▶ Task to complete
Would you repeat the data below exactly, taking out the images?

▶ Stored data
☆ ☆ ☆ ☆ ☆ ☆ ☆

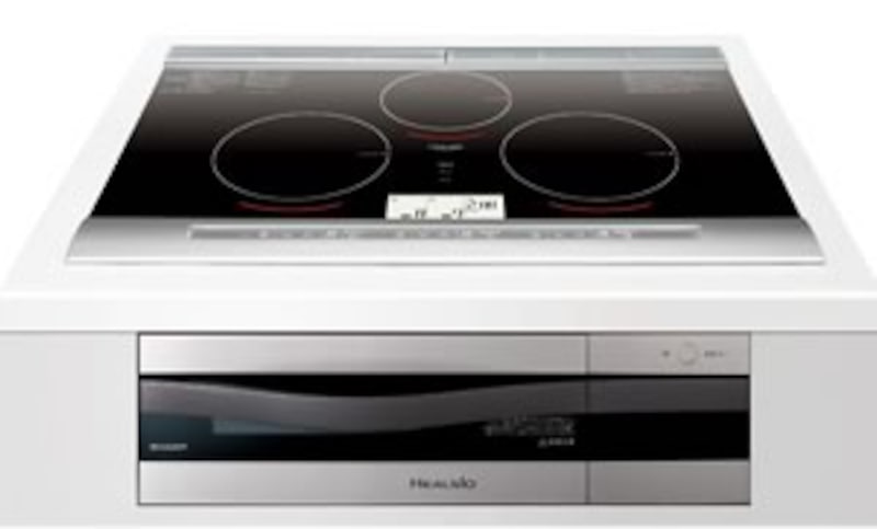 「ヘルシオIHセンター」は、上の写真のように75cm幅ワイドトップタイプと60cm幅トップタイプの2タイプと、トッププレートカラーがブラックとホワイト、前面のヘルシオ部がレッド系とシルバー系の合計6モデルが発売されます。
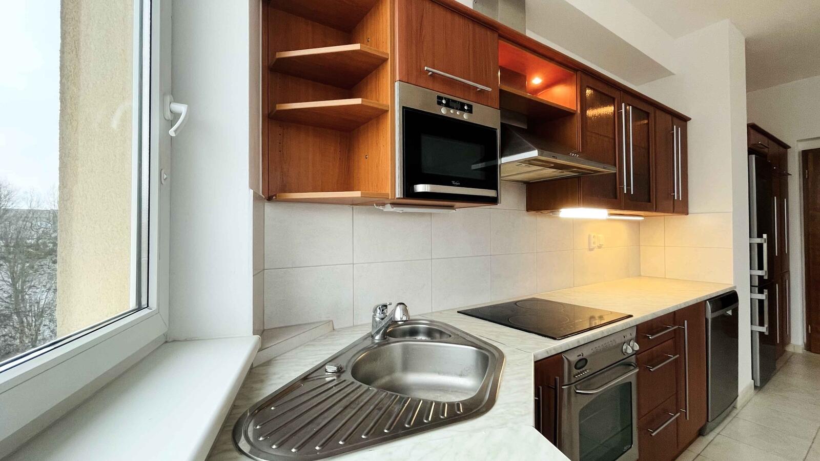 kuchyňský kout je plně vybaven vestavnými elektrospotřebiči (myčka, elektrická trouba a indukční varná deska, lednice s mrazákem, digestoř, mikrovlná trouba), disponuje dostatkem úložných prostor, jižně orientované okno s výhledem do zeleně
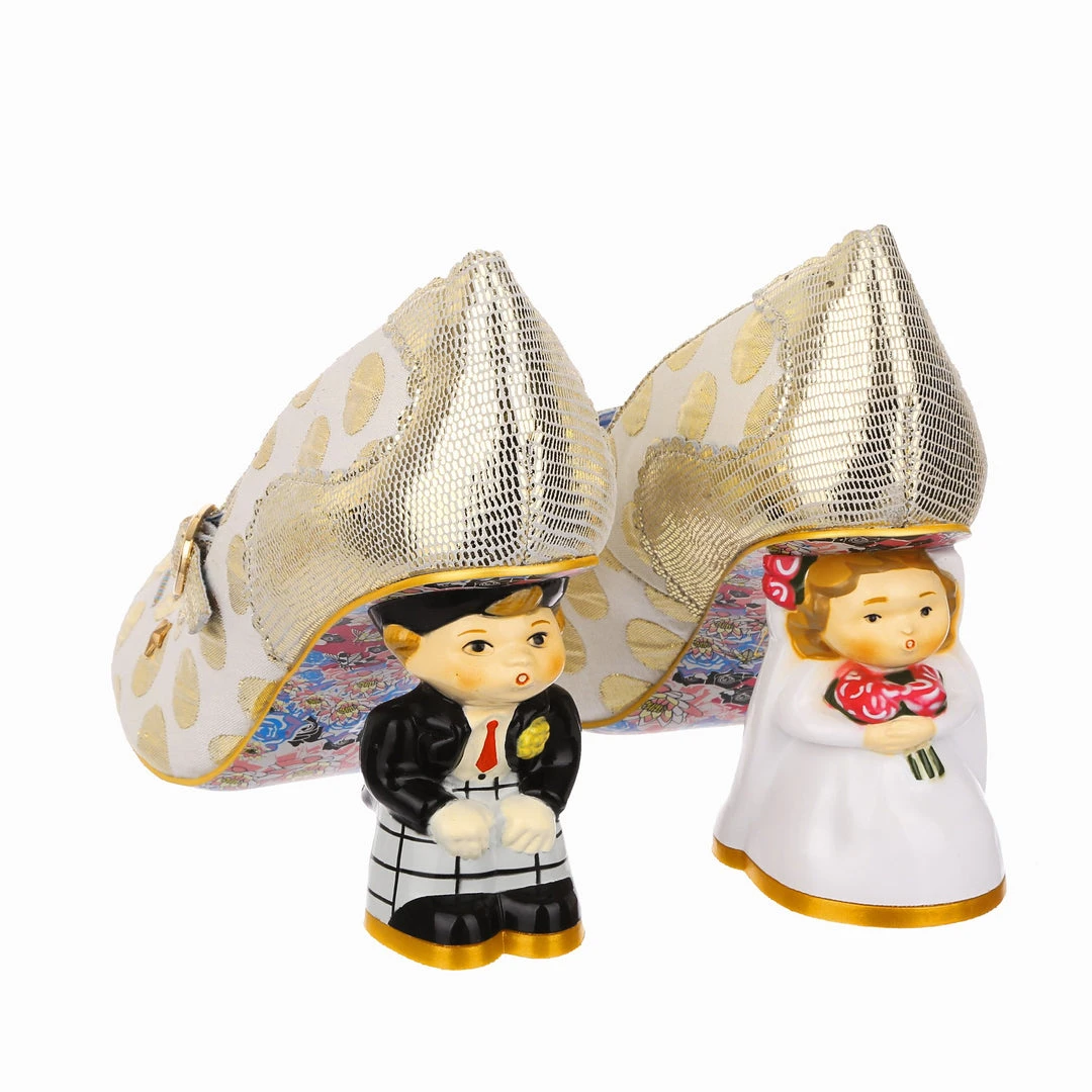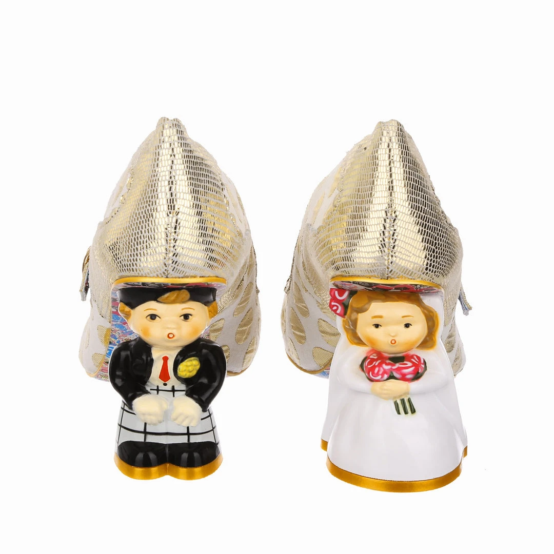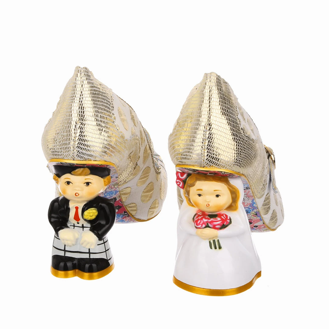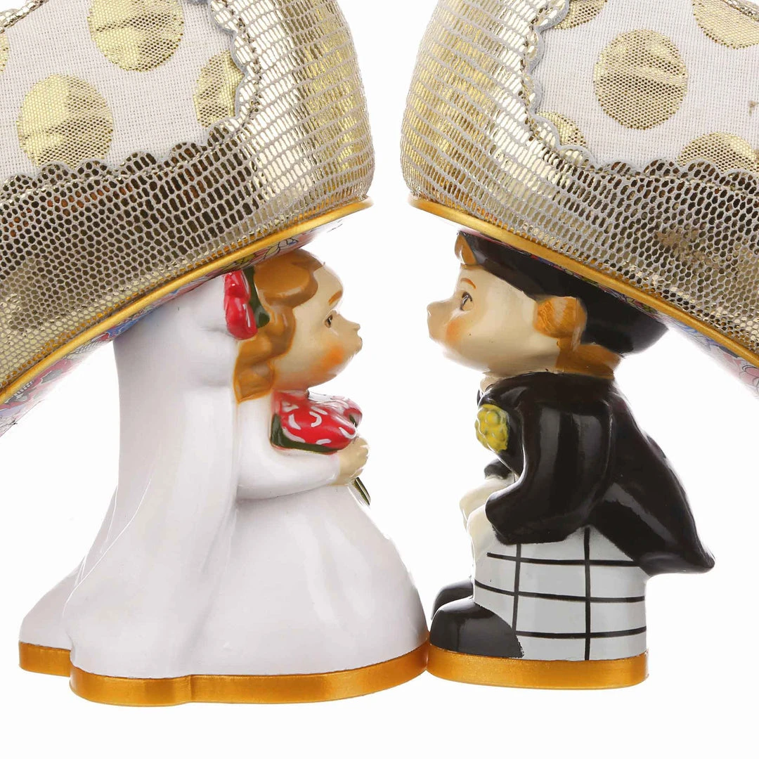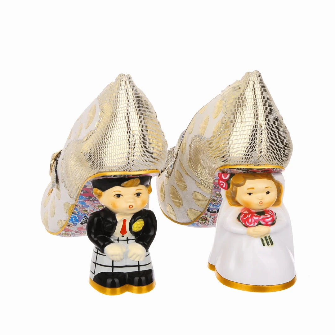 Say I love you with your shoes, literally! Wow guests as you walk down the aisle with bride and groom heels that are ready to say I do! Accented with matching metallic gold dots, edging and Mary-Jane strap, that fastens with a buckle. The ‘I ♡ You’ on the toe is a combination of shiny gold studs, appliquéd gold glitter heart and gold thread embroidery, covering all textural bases! The blushing bride and dapper groom heels really make these shoes stand out from the crowd, both are puckering up for their first kiss as Mr and Mrs. Make sure everyone knows how you feel with these stunning wedding shoes!
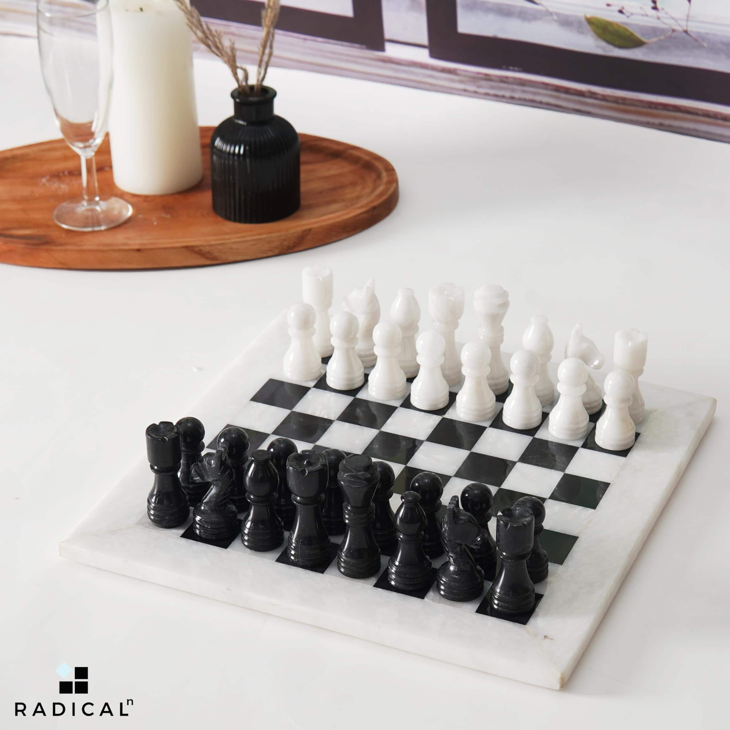 Juego de ajedrez de mármol Radicaln de 12 pulgadas blanco y
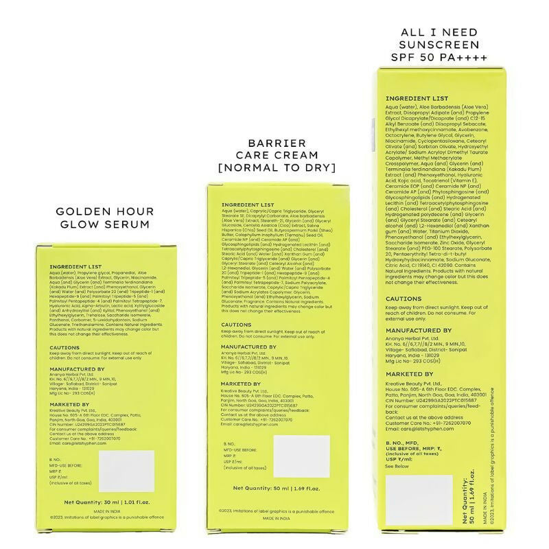 Hyphen By Kriti Sanon Skincare Routine for Normal to Dry Skin Combo with Face Serum, Moisturizer & Sunscreen

☆ ☆ ☆ ☆ ☆ ☆ ☆

▶ Solution to the exercise
 「ヘルシオIHセンター」は、上の写真のように75cm幅ワイドトップタイプと60cm幅トップタイプの2タイプと、トッププレートカラーがブラックとホワイト、前面のヘルシオ部がレッド系とシルバー系の合計6モデルが発売されます。
 kuchyňský kout je plně vybaven vestavnými elektrospotřebiči (myčka, elektrická trouba a indukční varná deska, lednice s mrazákem, digestoř, mikrovlná trouba), disponuje dostatkem úložných prostor, jižně orientované okno s výhledem do zeleně
 Say I love you with your shoes, literally! Wow guests as you walk down the aisle with bride and groom heels that are ready to say I do! Accented with matching metallic gold dots, edging and Mary-Jane strap, that fastens with a buckle. The ‘I ♡ You’ on the toe is a combination of shiny gold studs, appliquéd gold glitter heart and gold thread embroidery, covering all textural bases! The blushing bride and dapper groom heels really make these shoes stand out from the crowd, both are puckering up for their first kiss as Mr and Mrs. Make sure everyone knows how you feel with these stunning wedding shoes!
 Juego de ajedrez de mármol Radicaln de 12 pulgadas blanco y
 Hyphen By Kriti Sanon Skincare Routine for Normal to Dry Skin Combo with Face Serum, Moisturizer & Sunscreen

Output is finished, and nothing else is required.